- Born: 1966 Pakistan
- Died: 2 August 2021 (aged 55) Karachi, Pakistan
- Genres: Ghazal, playback singing
- Occupation: Singer
- Years active: 1983- 2021

= Asif Mehdi =

Asif Mehdi (1966-2021) was a Pakistani ghazal singer and a playback singer in Lollywood, Pakistan. He was known much for reviving classical singing in his country as well as for being the son of Mehdi Hassan

==Early life==
Born in Pakistan to Mehdi Hassan. He started his training at age 13 from his father and his uncle Ghulam Qadir. His family migrated from Mandawa in Rajasthan, to Pakistan at the time of partition of India in 1947.

==Performing career==
Asif Mehdi performed with his father in Los Angeles in 1983 for the first time at age 17. When he sang, his father Mehdi Hasan was so annoyed that he rebuked him for singing in an effeminate voice. He has toured India, along with ghazal singer Jagjit Singh, in 2009 on the concert tour called Music for Peace which seeks to establish peaceful relations between India and Pakistan which share a common culture and language.

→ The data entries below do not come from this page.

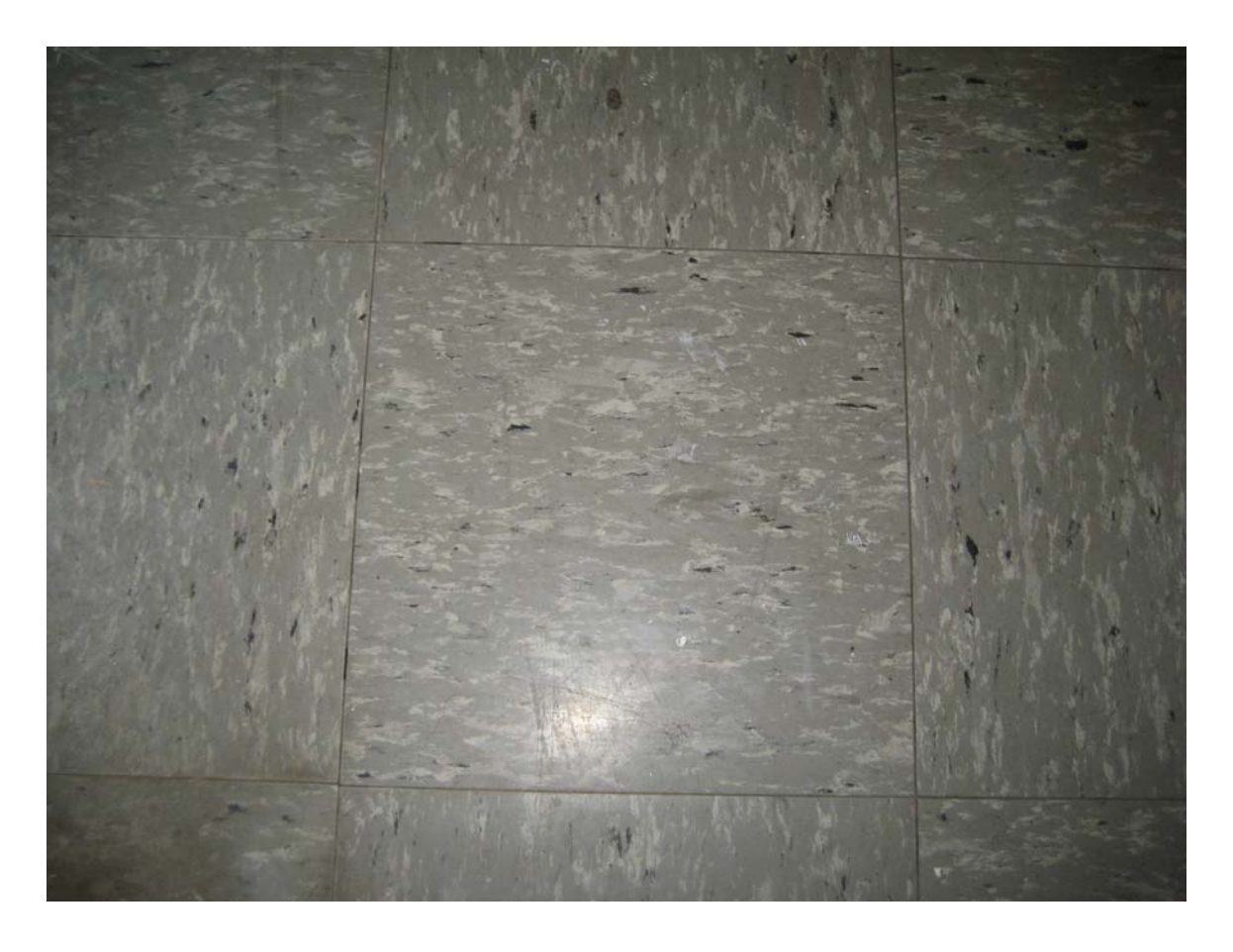
HA #15 – Asbestos containing 12"x 12" gray floor tile with light gray and white streaks and associated mastic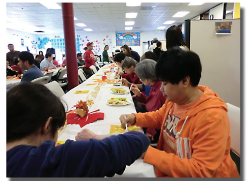
Social Dynamics clients enjoyed a Holiday Celebration luncheon with their family members and staff.

program, and is making plans to include the opportunity as part of initial intake for future clients.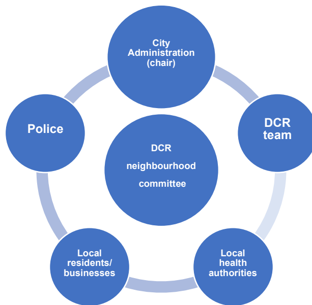
FIGURE 2 Composition of a DCR neighbourhood committee

DCR staff members also play an active role in neighbourhood committees, facilitating communication with people living or working in the vicinity of the DCR and helping to address public concerns (see Box 4). Ongoing communication between stakeholders and active cooperation between the municipality, local police and health and social service providers will play an important role for the successful implementation of DCRs. There is evidence to suggest that when neighbours are kept informed, their resistance is reduced and may even dissipate over time (e.g., Jauffret-Roustide and Cailbault, 2018).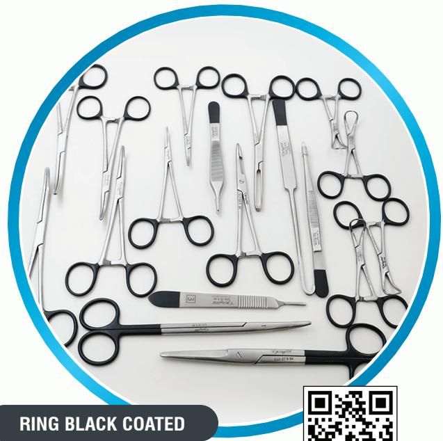
RING BLACK COATED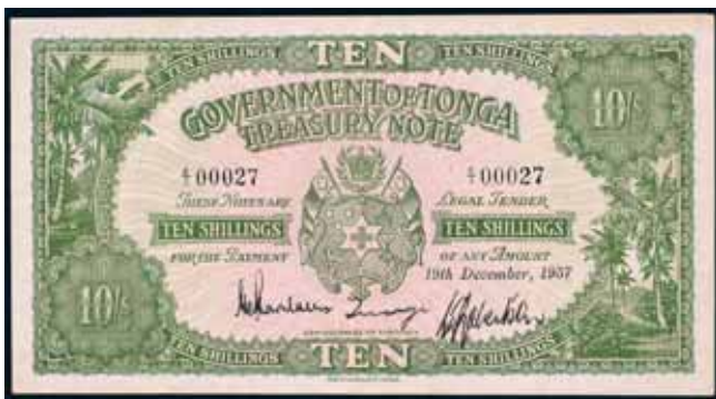
3512* Tonga , Government of Tonga, Treasury Note, ten shillings, 19th December, 1957, C/1 00027 (P.10c). Nearly extremely fine. $150

He, like his father, is fond of singing nazms by famous lyricists like Mir Taqi Mir, Ahmed Faraz, Qateel Shifai, Hafeez Jalandhari and Mirza Ghalib.

He signed a contract with Sony Entertainment last year and the album will be released across the globe in January 2010.

===Films===
He has done 60 movies in the Pakistani film industry.

==Awards==
Asif Mehdi won the Nigar Award in 1999 for his playback singing.

==Personal life==
Asif Mehdi lived with his family in Karachi, Pakistan, where he died on 2 August 2021.